What is an Accounting-Based Incentive

An accounting-based incentive is designed to compensate corporate executives based on performance measures such as earnings per share and return on equity. Other performance measures that companies commonly use to gauge executive performance include cash flow, return on assets, operating income, net income and total shareholder return. These incentive plans are widely used and based on the notion that the goal and purpose of company management is to increase shareholder value.

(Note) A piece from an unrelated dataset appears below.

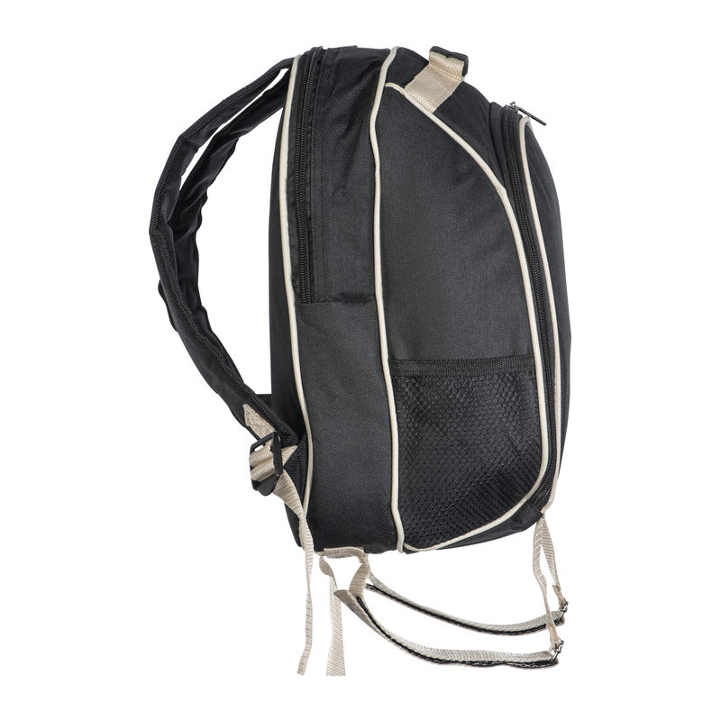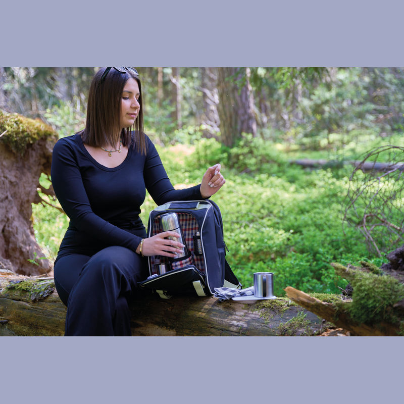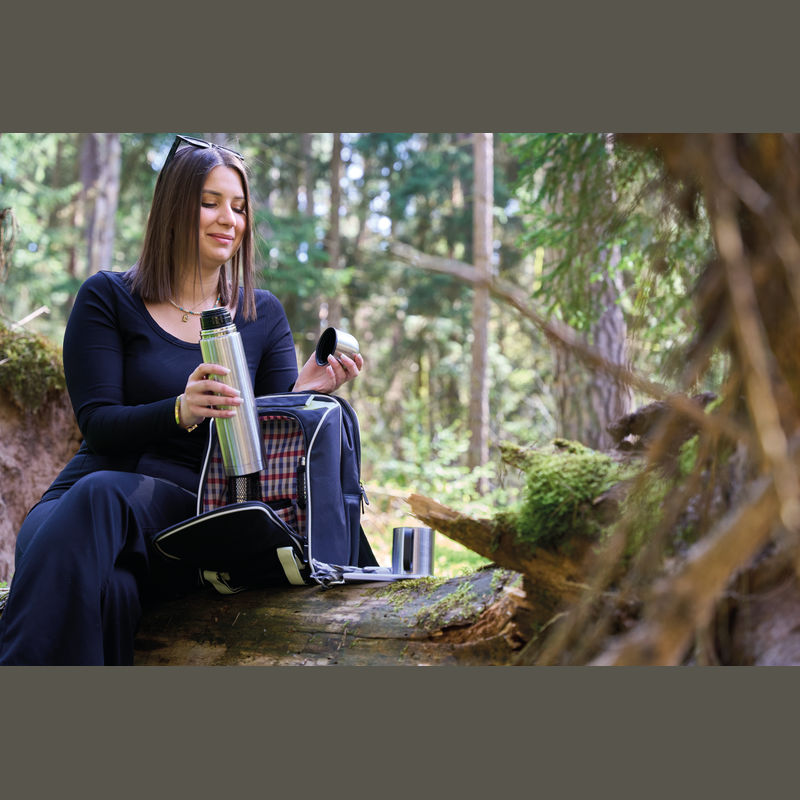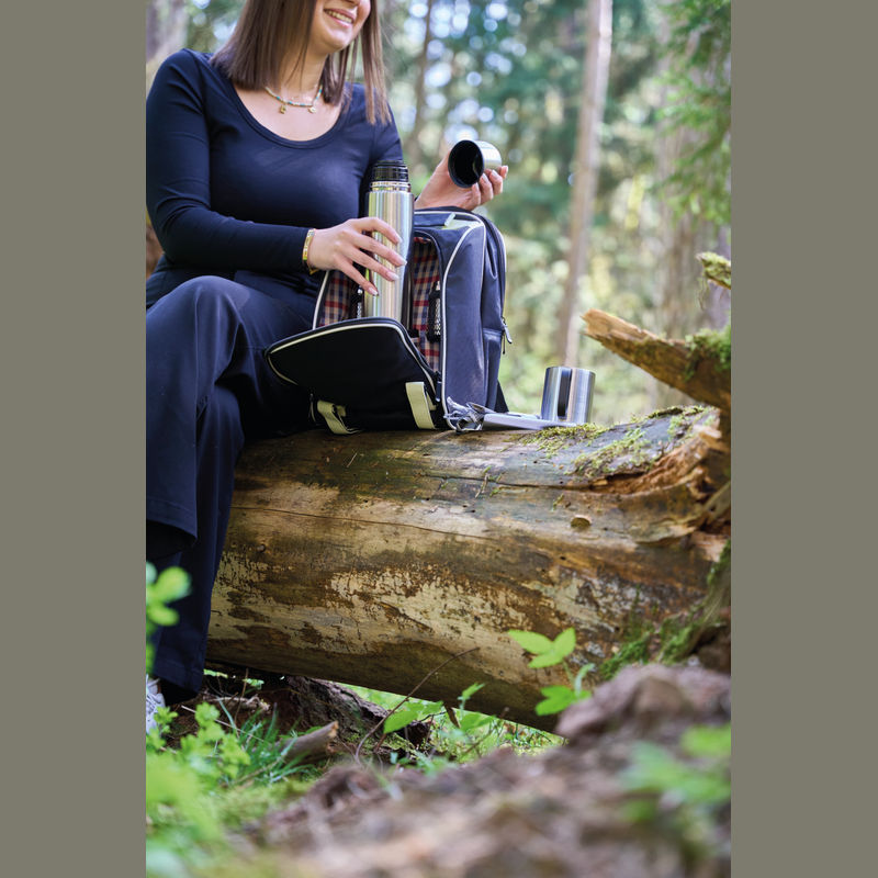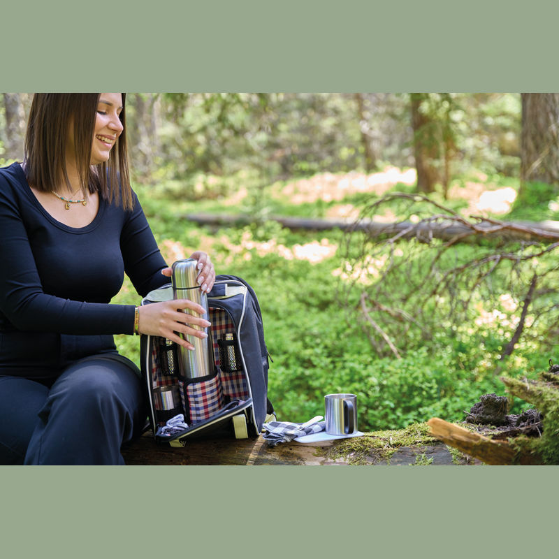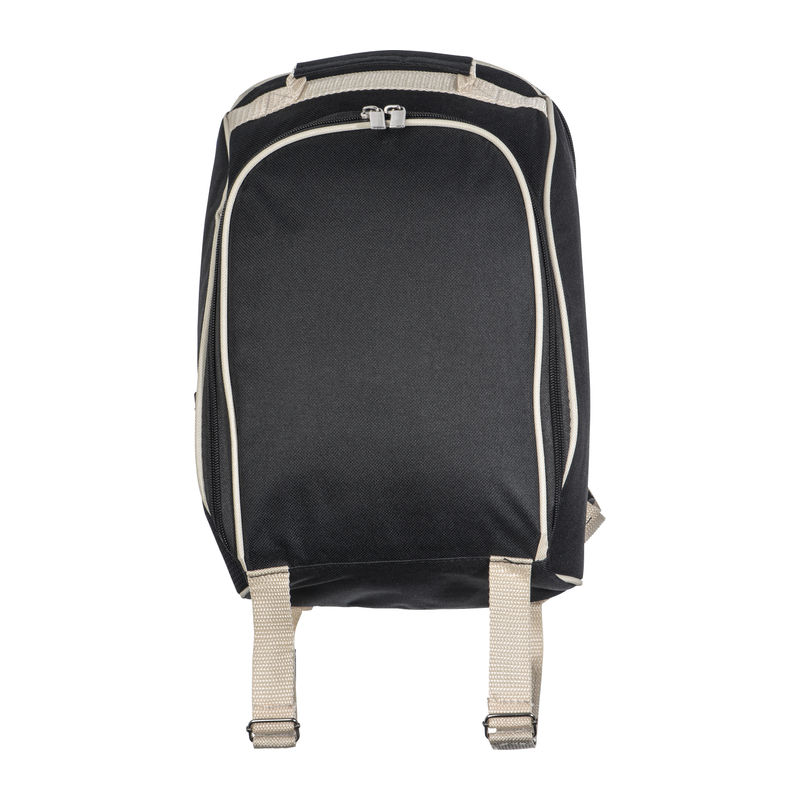 Luxurious picnic backpack crafted from high-quality, robust polyester. Its compact design is complemented by a cooling compartment at the rear and a spacious interior, featuring premium equipment including a 1-litre stainless steel insulated flask, two 0.2-litre stainless steel cups, stainless steel salt and pepper shakers, a snack tray, cutlery, and napkins.

BREAKING DOWN Accounting-Based Incentive

Accounting based incentives typically reward performing executives with cash and company stock or employee stock options. It is common for incentive pay to make up a significant portion of an executive's compensation in firms of all sizes. Executives are also compensated with a base salary and other benefits. Companies that offer incentive plans across the workforce create formulas based on individual salary level and both business unit and broader firm performance to determine annual incentive awards for rank-and-file employees.

CEO Compensation Has Grown Exponentially

Accounting-based incentives have been a topic of study for several decades as businesses have evolved definitions of what constitutes commercial success and how it can best be achieved. Aligning employee and executive goals with those of shareholders based on accounting measures is viewed as providing a straight-forward process for determining incentive compensation. Critics have argued that as executives have increasingly been compensated with company stock incentives, they have been encouraged to focus on short-term impacts to share price rather than long-term planning for business stability. CEO compensation, as reported by the Economic Policy Institute, grew at 90 times the rate of typical worker pay from 1978 to 2014.